Monday, February 23, 2009

Mr. Lecturer

Last week I have given lectures on Machine Translation (in Russian) in my home Saint-Petersburg State University.

I let my students know beforehand that the course is experimental and they happen to be the pioneers whom the course is going to be tested on.

After the 3,5 h lecture I have asked them, how do they feel about the experiment.

The answer was: The course was interesting. In case it would have been uninteresting, they would sleep. I believe it is the best compliment, especially taking into account the fact, that a human concentrates only first 40 (15?) minutes.

Saturday, February 14, 2009

Unicode in Perl

Sometimes it feels that perl's power in string manipulations comes at a cost of its synthax being awkward.

When you open a file for reading without caring in what encoding is its contents, you do:

open FILE, "<".$filename or die $!;

But if you do care of an encoding you should open the file using the following instruction:

open ENC_FILE, "<:encoding(cp1251)", $enc_filename or die $!;

Now the key point is in comma following the encoding instruction.
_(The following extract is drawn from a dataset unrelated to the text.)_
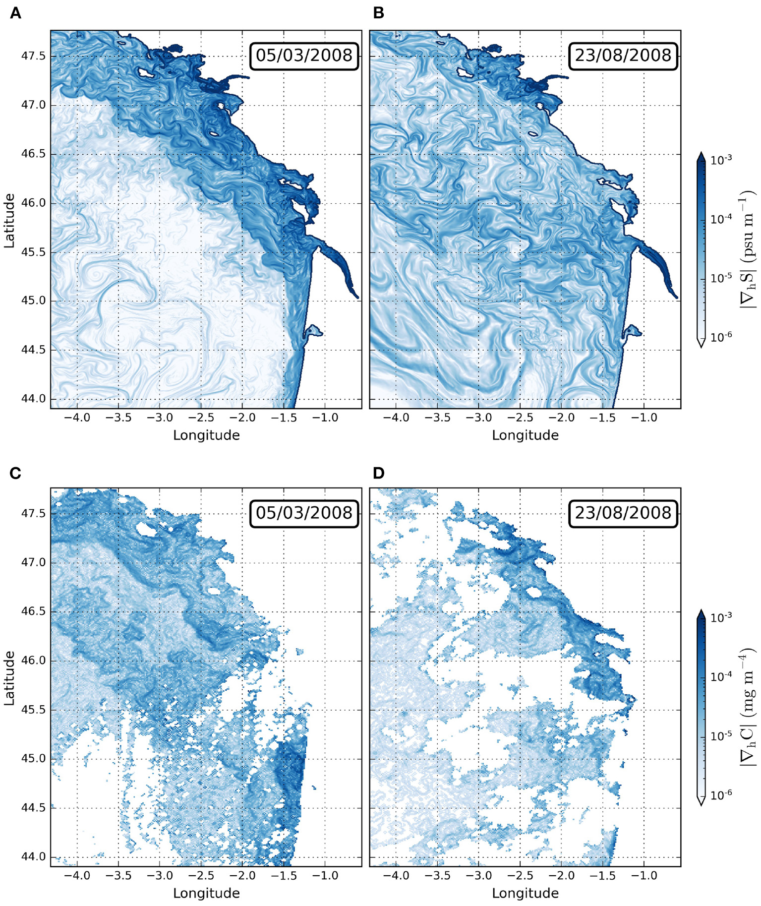 Figure 3 shows the horizontal salinity gradient and MODIS chlorophyll gradient in the studied region. The salinity gradient is mainly zonal as ∂xS > ∂yS. In March, salinity fronts are intense inside and outside of the Gironde estuary (Figure 3A). Near the Gironde river mouth, they remain close to the coast (longitude ~ 1.5°W). These fronts are more sensitive to the average river discharge. The river discharge also feeds the coastal current where salinity fronts are intense. In the Gironde river plume, the zonal salinity gradient is largest in the estuary since the river discharge is low in August (Figure 3B). In the near field, the Gironde river plume front remains close to the coast (longitude ~1.5°W). This plume extends to the north (up to a latitude ~46.5 °N) in the coastal current. Moderate winds and small river discharge constrict the coastal current near the coast. Beyond the river plume front, small scale filaments and eddies are observed.

If you put there "." instead (which I believe does the concatenation of stream direction sign "<" and the filename), the file fails to open.

Another important addition is: if you know in advance in which encoding the file contents is represented, specify it using the above encoding instruction. Doing this you get all the string data to be in internal perl's representation which is by default utf8.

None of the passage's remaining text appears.